An exact copy is needed of the lines from the one that contains "蘑菇類的一般含水量比較大,烘" through the final line of the data below, with pictures left out.

━━━ GIVEN DATA ━━━

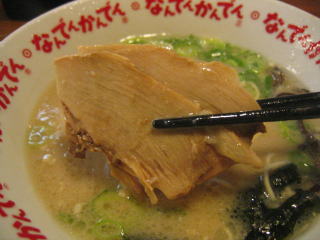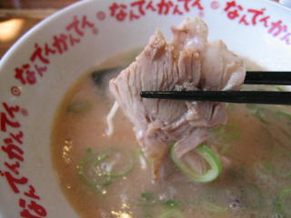 チャーシューは「とんこつラーメン」の特徴なのか、パサパサのチャーシュー、3枚入っています。
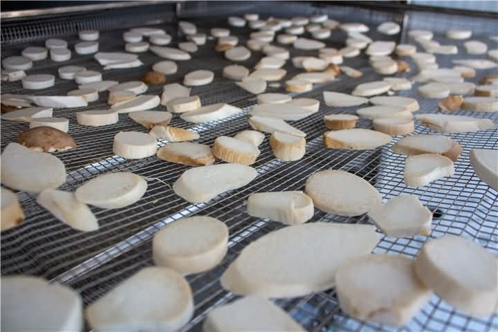 蘑菇類的一般含水量比較大,烘干過(guò)程過(guò)中要注意排濕,前期溫度不能過(guò)高,否則容易烘熟,使烘出來(lái)的成品顏色變黑。但也排濕過(guò)量不然色澤偏白,失去香味,一般排濕時(shí)間不超過(guò)6小時(shí)為宜。
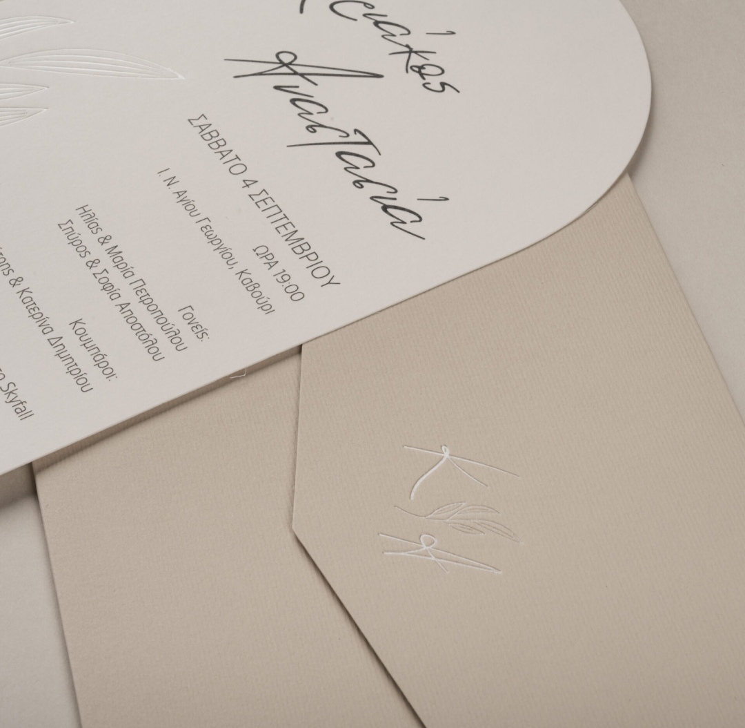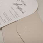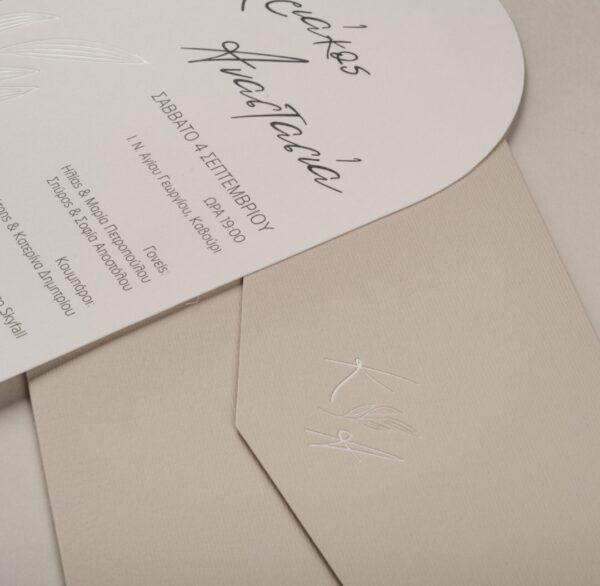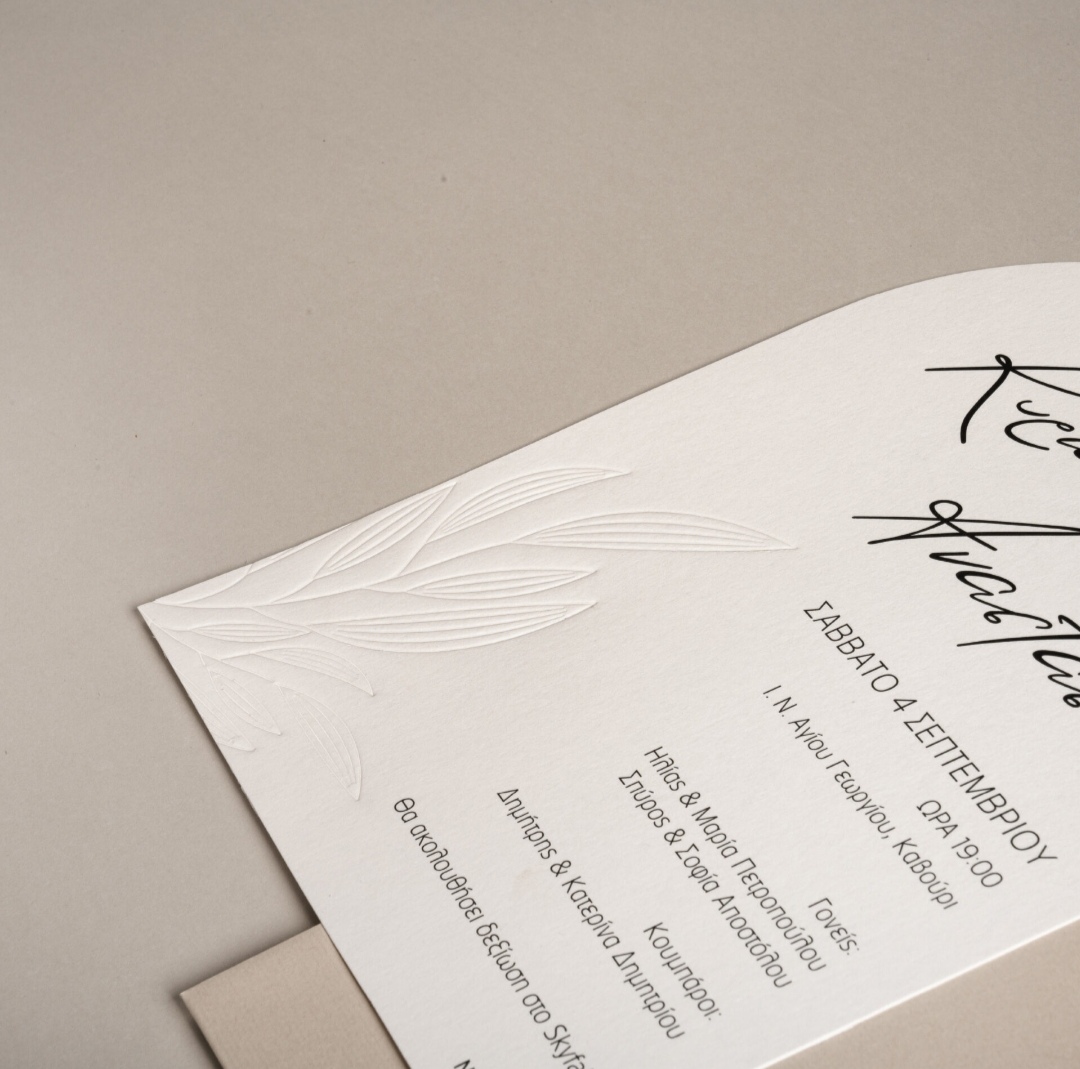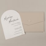 Προσκλητήριο γάμου με μοντέρνο κοπτικό σε σχέδιο καμάρας

━━━

* _PROBLEM SOLUTION_
 蘑菇類的一般含水量比較大,烘干過(guò)程過(guò)中要注意排濕,前期溫度不能過(guò)高,否則容易烘熟,使烘出來(lái)的成品顏色變黑。但也排濕過(guò)量不然色澤偏白,失去香味,一般排濕時(shí)間不超過(guò)6小時(shí)為宜。
 Προσκλητήριο γάμου με μοντέρνο κοπτικό σε σχέδιο καμάρας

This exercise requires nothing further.